7. To re-appoint Hugh McCutcheon as a Director of the Company.
8. To re-appoint Brian O'Cathain as a Director of the Company.
9. To re-appoint Alan Parsley as a Director of the Company.
10. To re-appoint David Thomas as a Director of the Company.
11. To authorise the Directors to fix the remuneration of the auditors of the Company.
SPECIAL BUSINESS
12. As an Ordinary Resolution
THAT the Directors be and they are hereby generally and unconditionally authorised pursuant to Section 20 of the Companies (Amendment) Act 1983 (the "1983 Act"), in substitution for all existing such authorities, to exercise all powers of the Company to allot relevant securities (within the meaning of Section 20 of the 1983 Act) up to an aggregate nominal amount of:
(i) if the shareholder resolution proposed at the extraordinary general meeting of the Company to be held at the Royal College of Physicians, 6 Kildare Street, Dublin 2 on 9 June 2014 at 12.30 p.m. (the "EGM Resolution") is passed, €22,262,317.71; or
(ii) if the EGM Resolution is not passed, €19,224,491.66,
during the period commencing on the date of the passing of this Resolution and expiring on the earlier of the conclusion of the annual general meeting of the Company in 2015 and close of business on 26 September 2015, provided that the Company may before such expiry make an offer or agreement which would or might require relevant securities to be allotted after such expiry and the Directors may allot relevant securities in pursuance of such offer or agreement as if the authority hereby conferred had not expired.
13. As a Special Resolution
THAT the Directors of the Company be and they are hereby empowered pursuant to Section 24 of the 1983 Act, in substitution for all existing such authorities, to allot equity securities (within the meaning of Section 23 of the 1983 Act) for cash pursuant to the authority conferred by Resolution 7 above as if sub-section (1) of Section 23 of the 1983 Act did not apply to any such allotment, provided that this power shall be limited:
(a) to the allotment of equity securities in connection with a rights issue, open offer or other invitation to or in favour of the holders of ordinary shares in the Company where the equity securities respectively attributable to the interests of such holders are proportional (as nearly as may be) to the numbers of ordinary shares in the Company held by them (but subject to such exclusions or other arrangements as the Directors may deem necessary or expedient to deal with fractional entitlements that would otherwise arise or with legal or practical problems under the laws of, or the requirements of any recognised regulatory body or any stock exchange in, any territory, or otherwise howsoever); and
(b) to the allotment (otherwise than pursuant to sub-paragraph (a) above) of equity securities up to an aggregate nominal amount of:
(i) if the EGM Resolution is passed, €3,339,347.66; or
(ii) if the EGM Resolution is not passed, €2,883,673.75,
and shall expire at the earlier of the conclusion of the annual general meeting of the Company in 2015 and close of business on 26 September 2015, provided that the Company may before such expiry make an offer or agreement which would or might require equity securities to be allotted after such expiry and the Directors may allot equity securities in pursuance of such offer or agreement as if the power hereby conferred had not expired.
By order of the Board
Alasdair Robinson
Company Secretary
Registered Office:
6th Floor
75 St.

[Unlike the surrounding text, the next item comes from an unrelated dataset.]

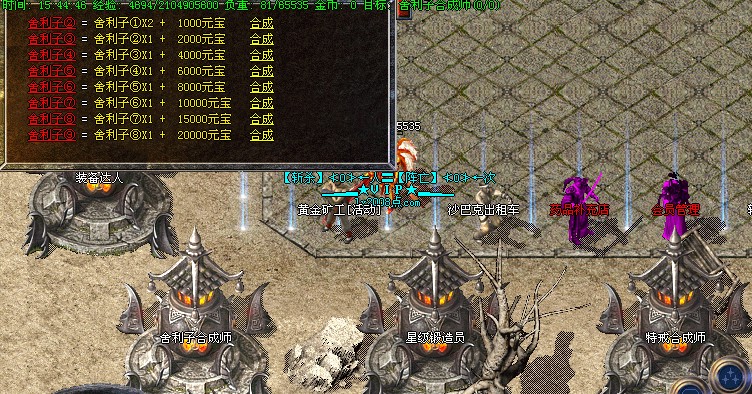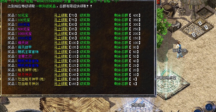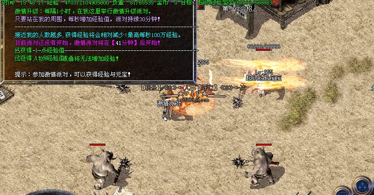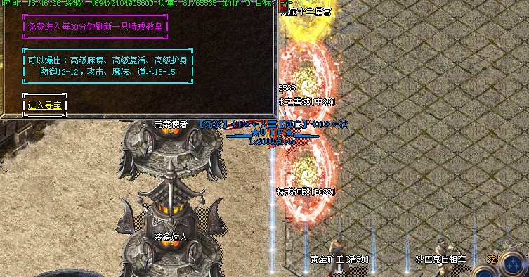 【活动】每2小时系统自动提示获得 <黄金矿工> 可以挖出、元宝、经验、装备。每20分钟刷出元宝树,必爆5000元宝,每小时系统传送杀鸡活动,其中一只爆高级装备,后续将增加杀人比赛,敬请期待

Stephen's Green
Dublin 2
Ireland
Dated: 30 May 2014
NOTES:
1. The Company, pursuant to Regulation 14 of the Companies Act 1990 (Uncertificated Securities) Regulations 1996 (as amended), specifies that only those persons entered on the register of members of the Company as at 6.00 p.m. on 24 June 2014 (or if the Annual General Meeting is adjourned, at 6.00 p.m. on the day two days prior to the adjourned Annual General Meeting) will be entitled to attend and vote at the Annual General Meeting or any adjournment thereof in respect of the number of shares registered in their names at the relevant time. Changes to entries in the register of members after that time will be disregarded in determining the right of any person to attend and / or vote at the meeting.
2. A member entitled to attend and vote is entitled to appoint a proxy to attend, speak and vote on his behalf. A proxy need not be a member of the Company. A member may appoint more than one proxy in relation to the Annual General Meeting, provided that the total number of such proxies shall not exceed the total number of shares carrying an entitlement to attend such meeting held by such member. Members may appoint a proxy using the enclosed white form of proxy, the CREST electronic proxy appointment service (described below) or the Registrars' online proxy appointment service (also described below).
3. The deposit of an instrument of proxy will not preclude a member from attending and voting in person at the meeting.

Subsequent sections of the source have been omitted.